» TASK REQUIREMENTS
For the records below, print the lines from the line with "Ao acessar o" through the line with "i'll be checking" exactly as written; include both end lines and exclude the rest.

DATA FOR PROCESSING START

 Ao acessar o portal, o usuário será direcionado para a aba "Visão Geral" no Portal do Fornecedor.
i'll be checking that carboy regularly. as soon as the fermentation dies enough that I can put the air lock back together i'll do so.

DATA FOR PROCESSING END
DATA FOR PROCESSING START

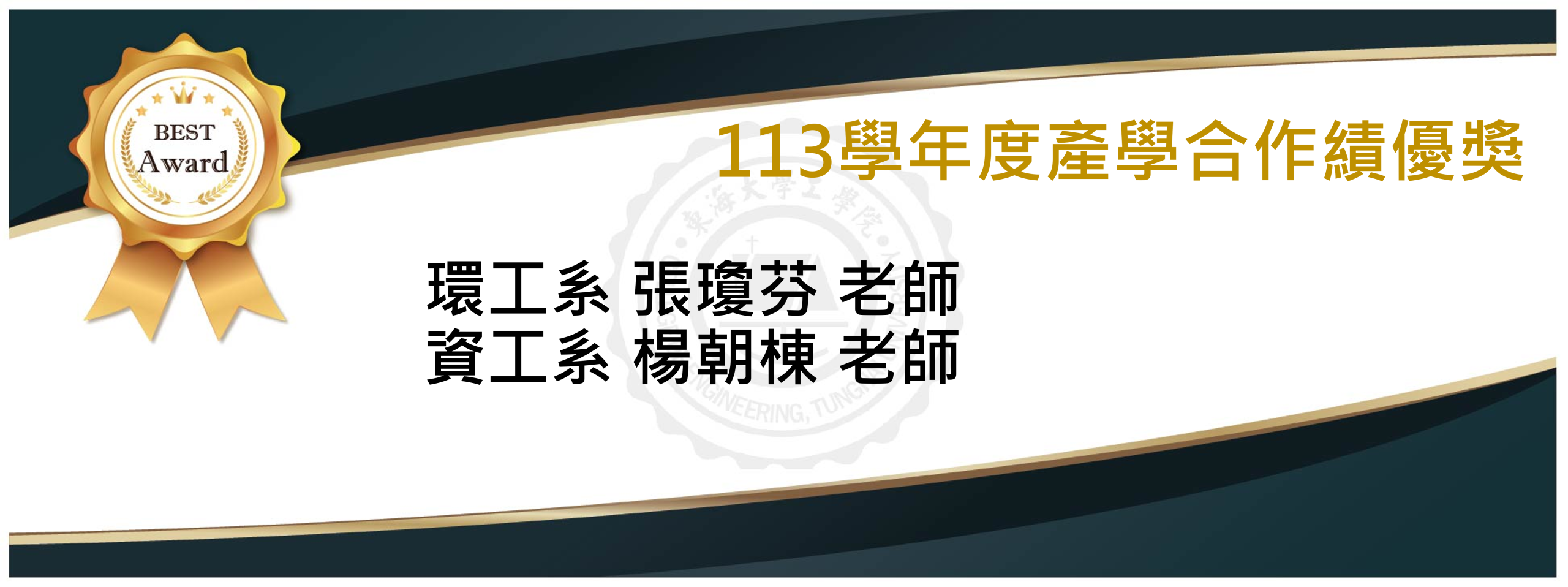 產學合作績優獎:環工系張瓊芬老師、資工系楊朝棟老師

DATA FOR PROCESSING END
DATA FOR PROCESSING START

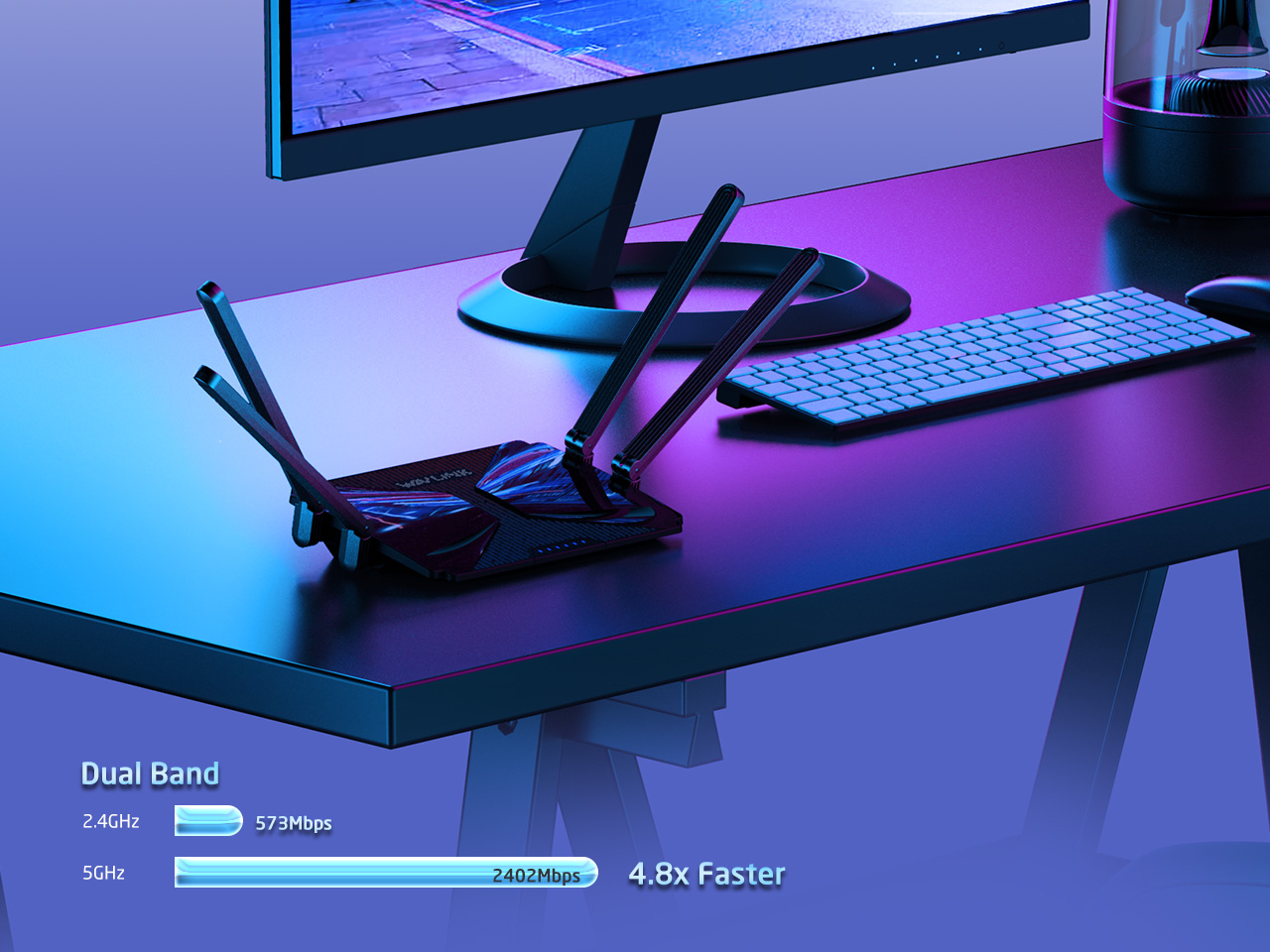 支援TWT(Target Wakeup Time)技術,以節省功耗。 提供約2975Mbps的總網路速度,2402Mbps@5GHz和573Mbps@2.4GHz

DATA FOR PROCESSING END

» EXERCISE SOLUTION
 Ao acessar o portal, o usuário será direcionado para a aba "Visão Geral" no Portal do Fornecedor.
i'll be checking that carboy regularly. as soon as the fermentation dies enough that I can put the air lock back together i'll do so.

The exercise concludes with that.